Çevre ve kent talanına artık TAMAM!

cevre-ve-kent-talanina-artik-tamam-475291-1.

AV. BÜLENT KAÇAR - TRAKYA ÇEVRE PLATFORMU HUKUK ÜYESİ

AKP doğayı ve emeği sömürmekle kalmadı, aynı zamanda uyguladığı taktiklerle toplumda şaşkınlık yaratıp, birçok kesimi bu talanlara seyirci kılmayı başardı. Kapitalist talanın önünü açmak, küresel sermayenin önündeki engelleri ortadan kaldırmak için tüm bakanlıkları, devlet kurumlarını etkin bir şekilde çalıştırdı. Çıkardıkları kanun, tüzük, yönetmelik, genelge, yeni plan, plan değişikliği ve çeşitli ruhsat, izin ve ÇED kararları bunun somut kanıtlarıdır.
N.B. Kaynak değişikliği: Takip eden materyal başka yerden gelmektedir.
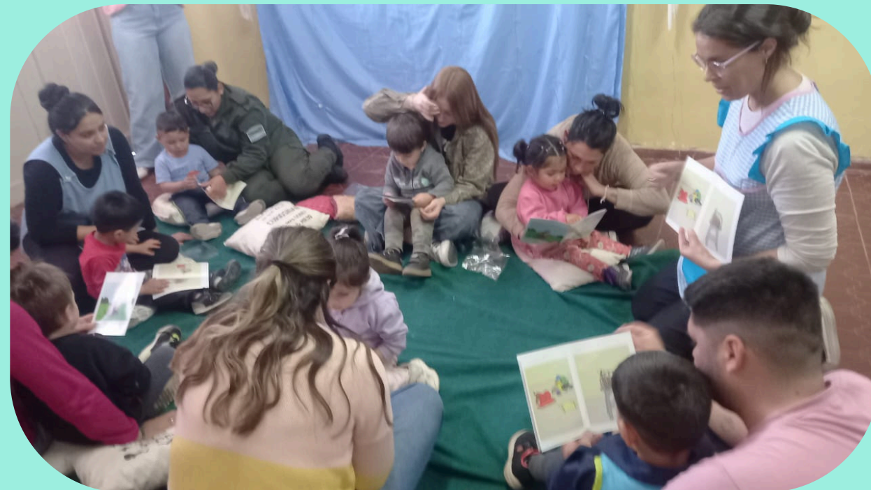
NATURALEZA Y AMBIENTE NATURAL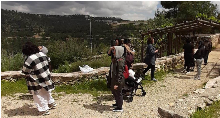
Die Frauen aus dem Frauenhaus und freiwillige Helfer bei einem Ausflug.

Bitte beten Sie weiter für das Frauenhaus, für die Frauen und Kinder darin und für das Team der Mitarbeiter und Ehrenamtlichen. Zurzeit leben vier Frauen und drei Kinder im Frauenhaus (zwei Frauen, die etwa ein halbes Jahr bei uns gelebt haben, sind ausgezogen, um andere Ziele zu verfolgen). Aufgrund von traumatischen Erfahrungen kamen Sie alle zu uns in einem denkbar schlechten Zustand. Doch jetzt sehen wir sie Lächeln und hören ihr Lachen, sie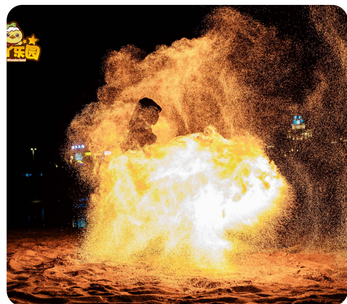
燃火派对：打铁花、火壶、烟花秀

开业盛典： 百万级烟花无人机秀以顶级视听盛宴为首发记忆点，整合高空光影与地面庆典，瞬间拔高品牌格调，迅速确立区域文旅头部地位；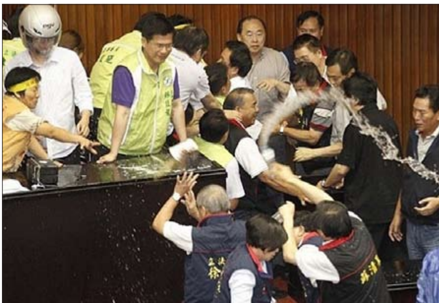
عراك في البرلمان التايواني

حدثت من هذا النوع في البرلمان التايواني، وكان آخرها في 25 يونيو الفائت مع الصين.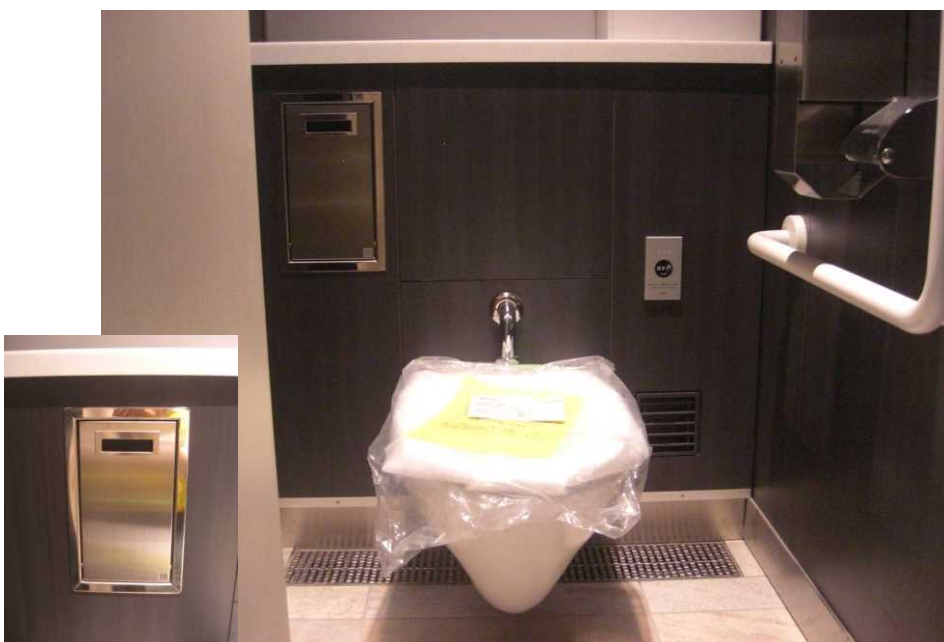
チャームボックス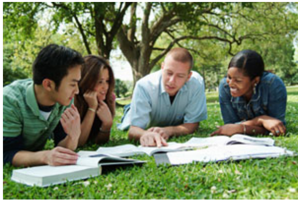
民主建立在相互容忍与合作的基础上。

所有民主体系中，人民都能凭其自由意志透过多数决制订政策。美国评论家怀特（ E.B. White ）曾说：「民主是对于超过半数的人是否有过半的时间都能做出正确决定，提出的周期性质疑」。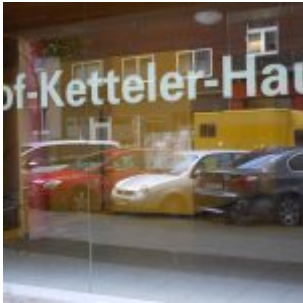
Gut katholisch allewege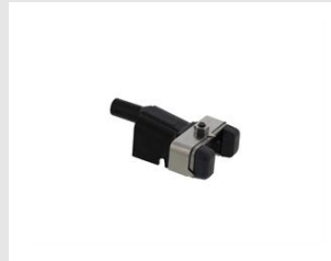
Eurocode 019783 PALPEUR NO-MAR BARDAGE - IM90Xi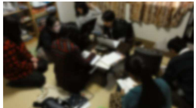
↑なにやら制作中の様子？

みなもで学んだことは今でも本当に貴重な体験で、落ち込んだときや、人付き合いに関しては特に重宝しています。また大阪に戻ったら顔出しますね。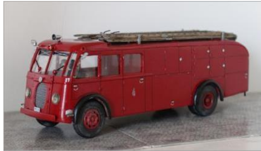
Brandbuss nr 17. Volvo B20 1939.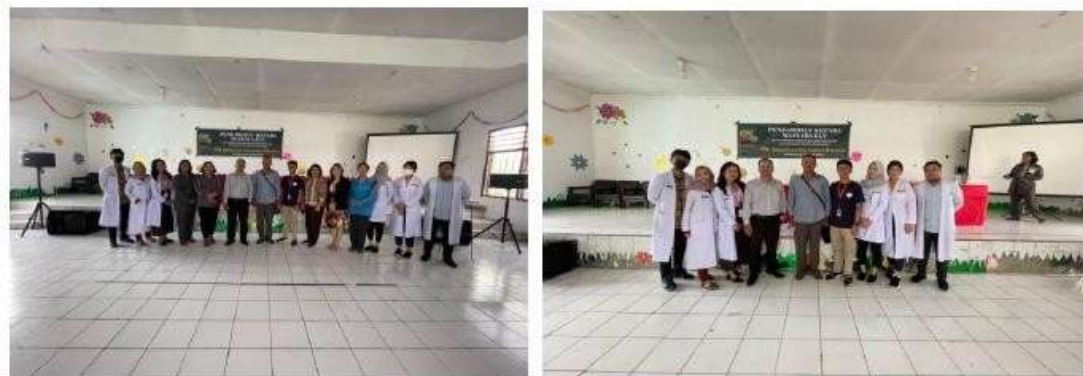
Gambar 4. Kegiatan Foto Bersama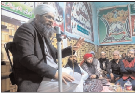
शाह टाइम्स ब्यूरो अमरोहा। शहर के मोहल्ला

खानकाह निजामिया में तरावीह में कुरआन मुकम्मल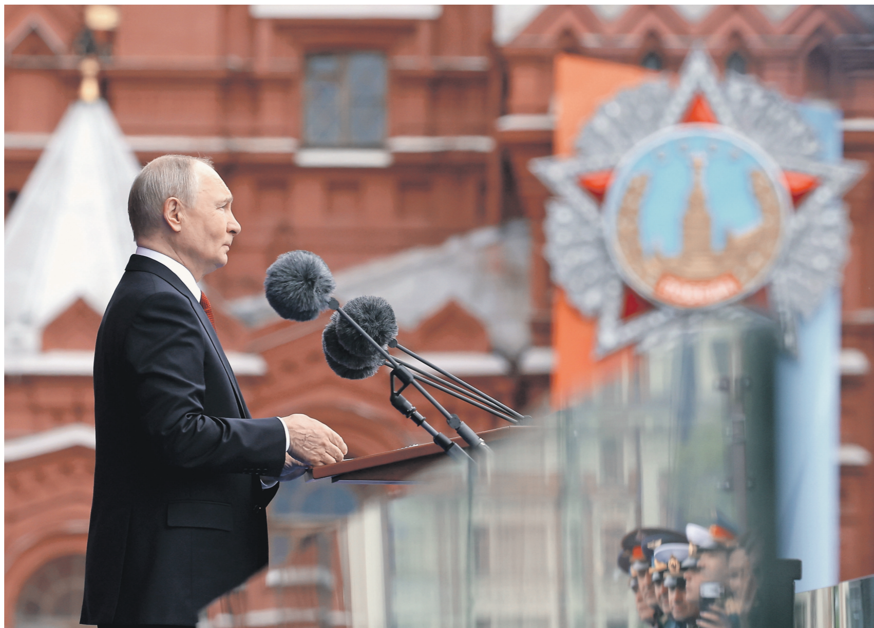
Киевский режим услышал предупреждение Кремля — провокаций во время парада не было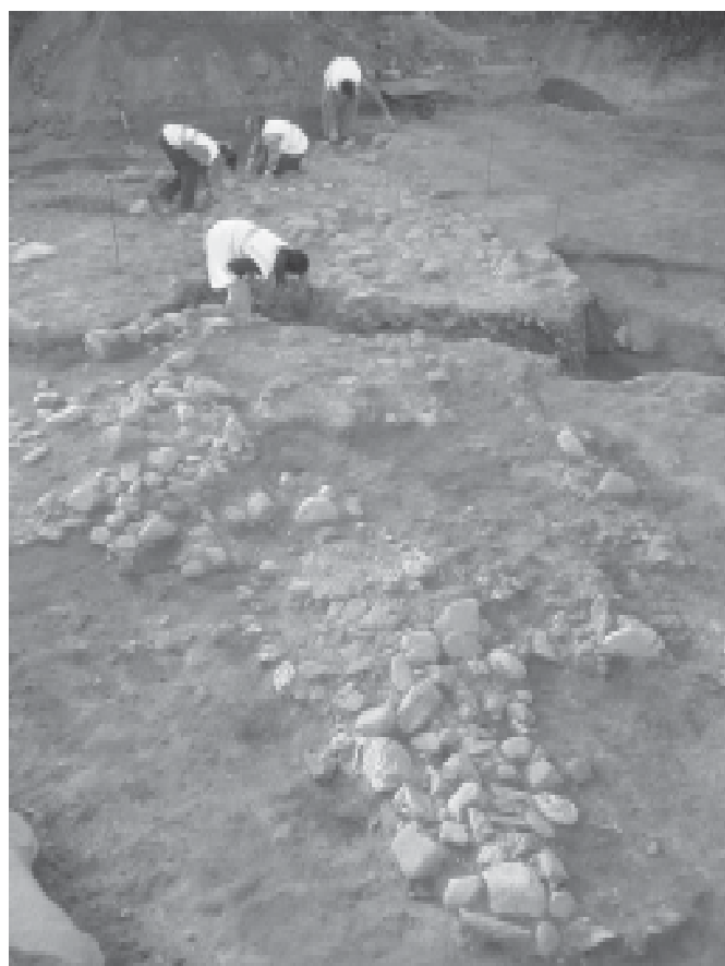
Feines de neteja i documentació del camí pavimentat.

Així tenim un primer sistema de canalitzacions bastant simple, consistent en dues rases de grans dimensions, sobre el qual se superposa un segon sistema de més complexitat, que prenia aigua de punts diversos amb l'objectiu de concentrar-la en un únic rec principal, mitjançant dos recs de grans dimensions, un dels quals venia del torrent mentre que l'altre provenia de l'angle septentrional del jaciment; tots dos conflüen en una mena de resclosa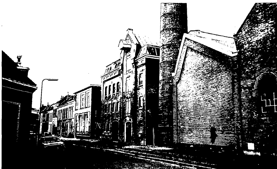
De Bergpoortstraat.

Een smalle grauwe fabrieksstraat uit het eind van de vorige eeuw. Aan de ene kant de rij somber ogende, verwaarloosde fabrieksgebouwen, daartegenover de kleine fabriekswoningen. Het staat er allemaal nog, aan de Bergpoortstraat in Deventer. Of dit zeldzame toonbeeld van ons industriële verleden ook blijft, is onzeker. Want onlangs heeft Deventer een vernieuwingsplan in hoofdlijnen voor de Raambuurt, de oude industriewijk, op tafel gelegd. Vooralsnog lijkt de kans klein dat deze unieke fabrieksstraat behouden kan blijven. Maar dat kan veranderen, meent de Stichting Industrieel Erfgoed Deventer.

Önceki iktidarlar döneminde de hukuk, insan hakları, doğa, ülkemizdeki parlamenter sistem ve cumhuriyetin kurumları yaralar aldılar. Ancak AKP bunu sistemli ve programlı uygulayarak sürekli bir politika haline getirdi. Yıkıcı etkileri olan çok sayıda projeyi AKP ülkemize yaşattı. Seçilirse daha büyük yıkım ve kırımla karşılaşacağımız kesin.

AKP rejim değişikliği çalışmalarını sistemli ve programlı olarak yıllardır sürdürüyor. Bu güne kadar attıkları hiçbir siyasi adım, aldıkları kararlar, yayınladıkları kanunlar tesadüfi değil. Medyanın tekelleşmesi, özelleştirmeler, sosyal yardımların çoğaltılması, sağlık sistemindeki dönüştürme, eğitim alanındaki dönüştürme hepsi bir bütünün parçaları.

Muhalefet açısından da çok umutlu olmadığımız bir gerçek. Yerel yönetimlerin çevre ve kent alanındaki olumsuz uygulamaları, kentli haklarının, su hakkının hakkını vermeyen, dinsel faaliyetlerde AKP ile yarışan muhalefet ciddi bir açmaz içinde.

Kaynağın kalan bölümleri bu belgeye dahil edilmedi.